(WHAT THE EXERCISE ASKS): Print exactly the lines of the listing below from the one containing "歐路詞典是一款非常專業(yè" through the final line, both included, and no pictures.

════════════════

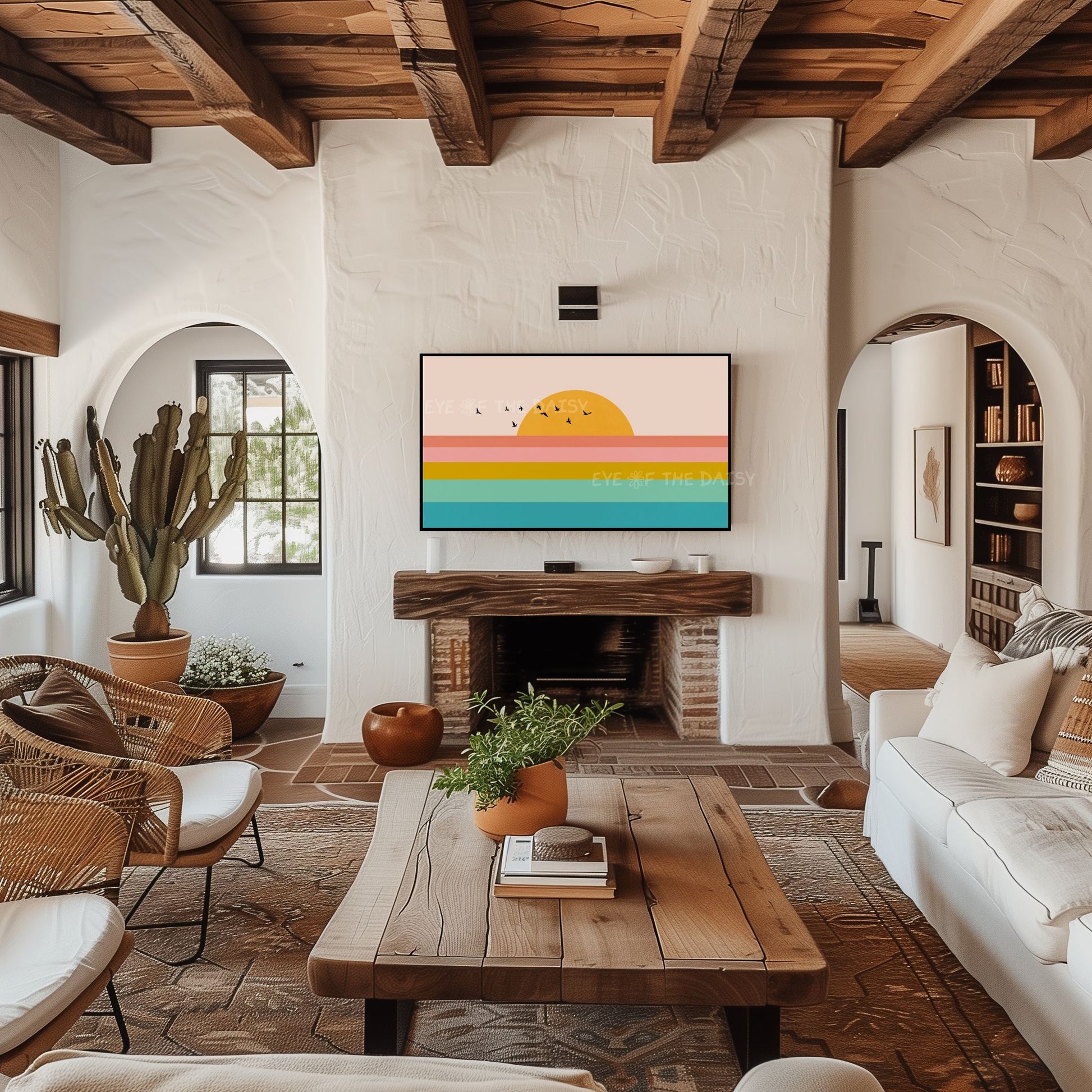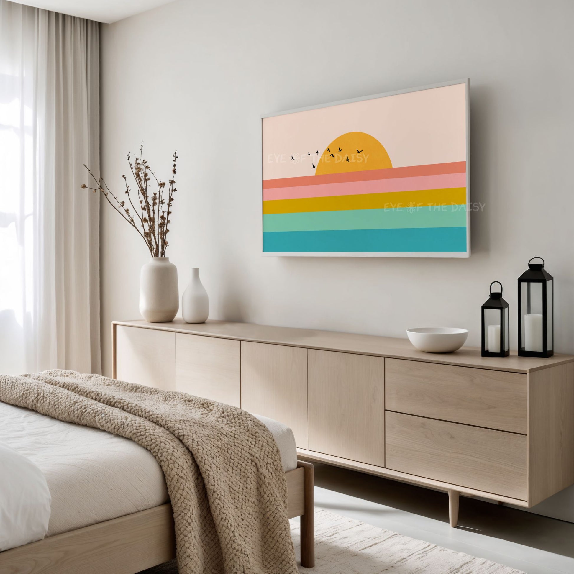 Mid Century Modern Sunset Seascape 4K TV Art | Colourful Sky Sun Sea Landscape TV Art
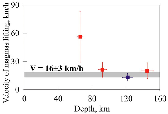 Figure 8 presents a model dependence of the calculated degree of radiogenic 40Ar loss by phlogopite on the ascent rate of xenolith in the kimberlite melt. For each xenolith, ascent had started from the depth of its formation, depending on the estimate of pressure in a state of the last equilibrium (Table 2). An option of rising at a constant rate was considered. The slower the rate, the longer the time for rock heating at the melt temperature (~1000 °С) and, respectively, the greater the loss of radiogenic 40Ar. An optimum ascent rate (Figure 8) was estimated from the intersection of the model value and the value, calculated according to the age 40Ar/39Ar spectrum of phlogopite, of the loss for each specimen. It can be seen that the obtained estimates of the kimberlite melt ascent rate (Figure 9) agree with one another for the two deep-seated xenoliths of the Mir pipe, and xenolith of the Udachnaya–Vostochnaya pipe. For xenolith M-05/01 of the Mir pipe from the depth of 66 km, a minimum loss of radiogenic 40Ar was observed. This is quite likely to be the reason for a greater error in computing the ascent rate. On the other hand, a relatively inflated estimate for a xenolith from the shallowest depth can be associated with an increase in the melt ascent rate in the upper part of the continental crust, when overburden pressure falls. The weighted average of the rate of the kimberlite melt ascent for all the examined xenoliths is 16 ± 3 km/h.
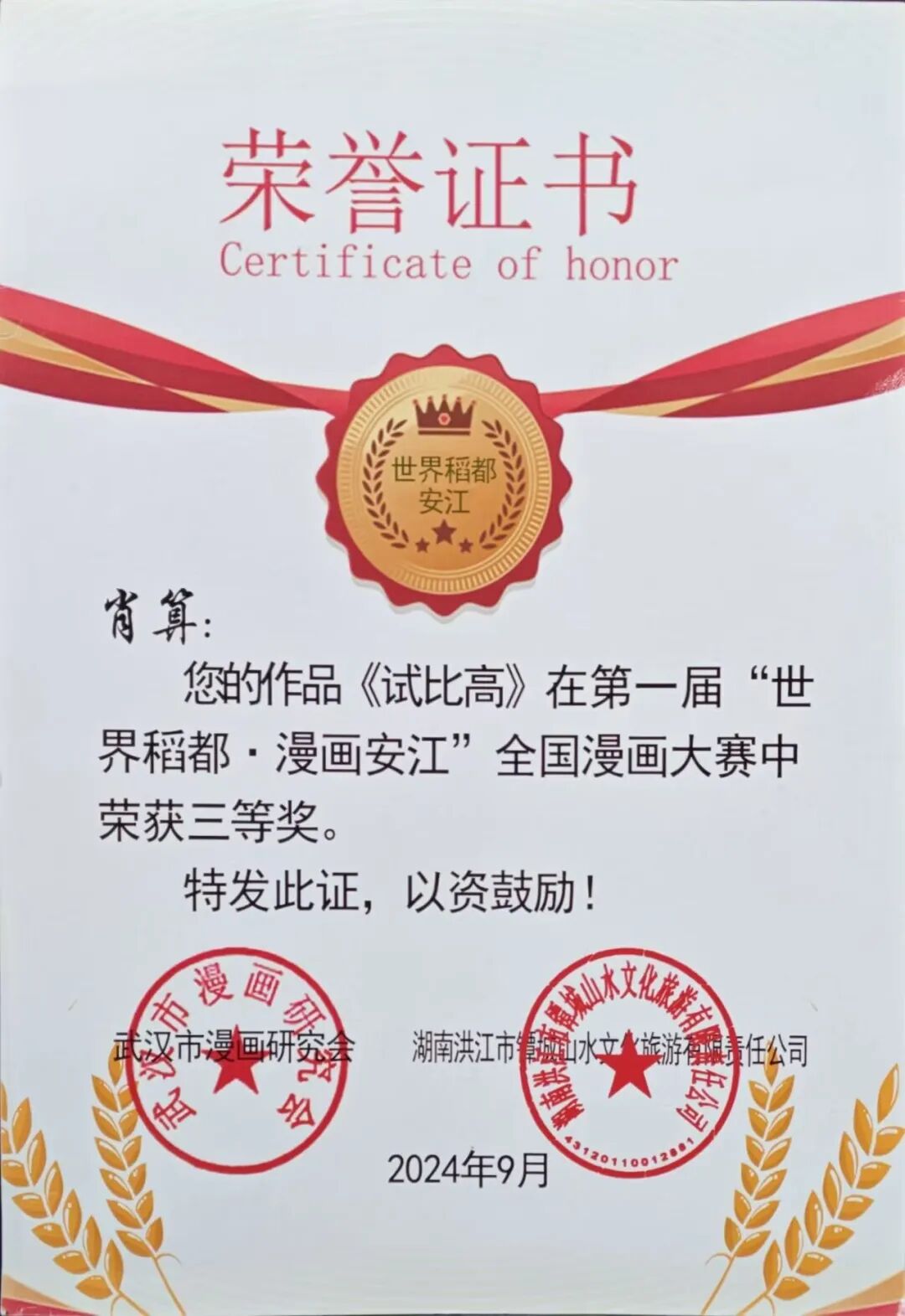 漫画作品《试比高》获首届“世界稻都·漫画安江”全国漫画大赛三等奖
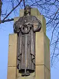 War memorial | Gardens of the Church of St John-at-Hackney, Hackney, London | 1921 | Obelisk-mounted statue | Bronze and Portland stone | 4.6m tall | Grade II | Q26671054 | [8][9] |
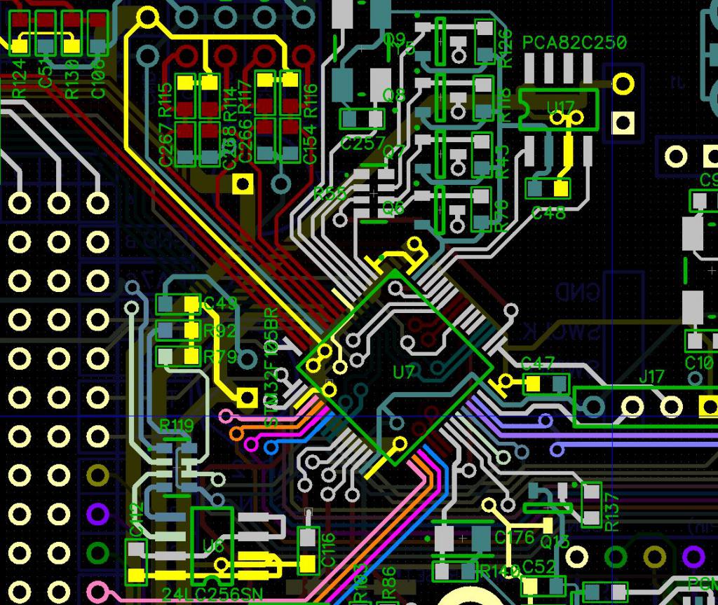 Вывел 4 UART из которых в 3-х можно передавать данные по DMA. Добавил трансивер PCA82C250 для CAN шины сразу на плату. На матрицу расширений вывел отдельные линии I2C, UART, SPI для различных модулей эти интерфейсы нигде не задействованы в плате чтоб было удобней работать. В плате задействовано 2 интерфейса UART для блютус и wifi, 1 интерфейс I2C для внешней памяти EEPROM и управления ЦАПом ADAU1962, 1 интерфейс SPI для управления DSP аудиопроцессором ADAU1452, 1 интерфейс CAN, 1 интерфейс USB, а также 2 таймера 3-й и 8-й для подключения энкодеров. Общую картину по интерфейсам добавил в картинки. |
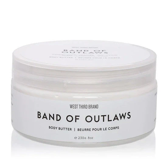 Specially formulated for fast absorption, West Third Brand’s luxurious Body Butter hydrates, nourishes leaving your skin silky and lavishly scented. It is strongly fragranced with best-seller Band of Outlaws.
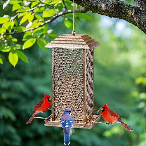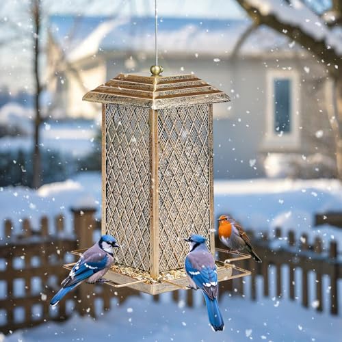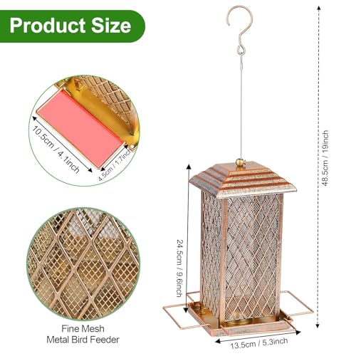 Durable Bird Feeder: Our wild bird feeder is made of high-quality iron with copper-plated surface, giving the bird feeder a classic and elegant look. The surface has an anti-rust coating, which is corrosion-resistant and durable.
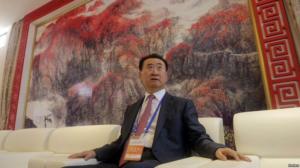 中国大连万达集团董事长王健林上周在美国加州洛杉矶县艺术博物馆向包括洛杉矶市市长埃里克·加希提与美国电影艺术与科学学院院长谢丽尔·布恩·伊萨克斯在内的约数百人发表演讲。
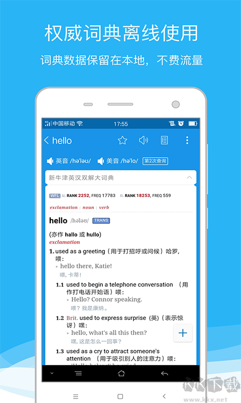 歐路詞典是一款非常專業(yè)的詞典軟件,分為電腦版和手機(jī)版,手機(jī)版可以隨時(shí)隨地進(jìn)行查詢,同量還提供了拍照翻譯功能!特別好用!KK下載站提供的是清爽版本,無(wú)沒(méi)有廣告哦。歐路詞典具備單詞、句子的翻譯功能,翻譯效果好,查詞準(zhǔn)確。
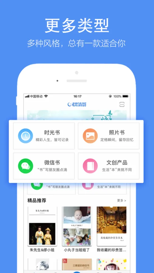 一款做书的神奇App,通过图文并茂的形式记录爱情故事、旅游风景、人生成长、家庭生活,或者进行原创文学写作,所有内容均可“一键成书”按需打印变成精美书籍。记录人生成长,保留青春岁月,每个人的时光都是一本流影的书。
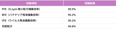微小粒子、バクテリア飛沫、ウイルス飛沫、花粉の捕集効率に関する結果

════════════════

(YOUR SOLUTION):
 歐路詞典是一款非常專業(yè)的詞典軟件,分為電腦版和手機(jī)版,手機(jī)版可以隨時(shí)隨地進(jìn)行查詢,同量還提供了拍照翻譯功能!特別好用!KK下載站提供的是清爽版本,無(wú)沒(méi)有廣告哦。歐路詞典具備單詞、句子的翻譯功能,翻譯效果好,查詞準(zhǔn)確。
 一款做书的神奇App,通过图文并茂的形式记录爱情故事、旅游风景、人生成长、家庭生活,或者进行原创文学写作,所有内容均可“一键成书”按需打印变成精美书籍。记录人生成长,保留青春岁月,每个人的时光都是一本流影的书。
微小粒子、バクテリア飛沫、ウイルス飛沫、花粉の捕集効率に関する結果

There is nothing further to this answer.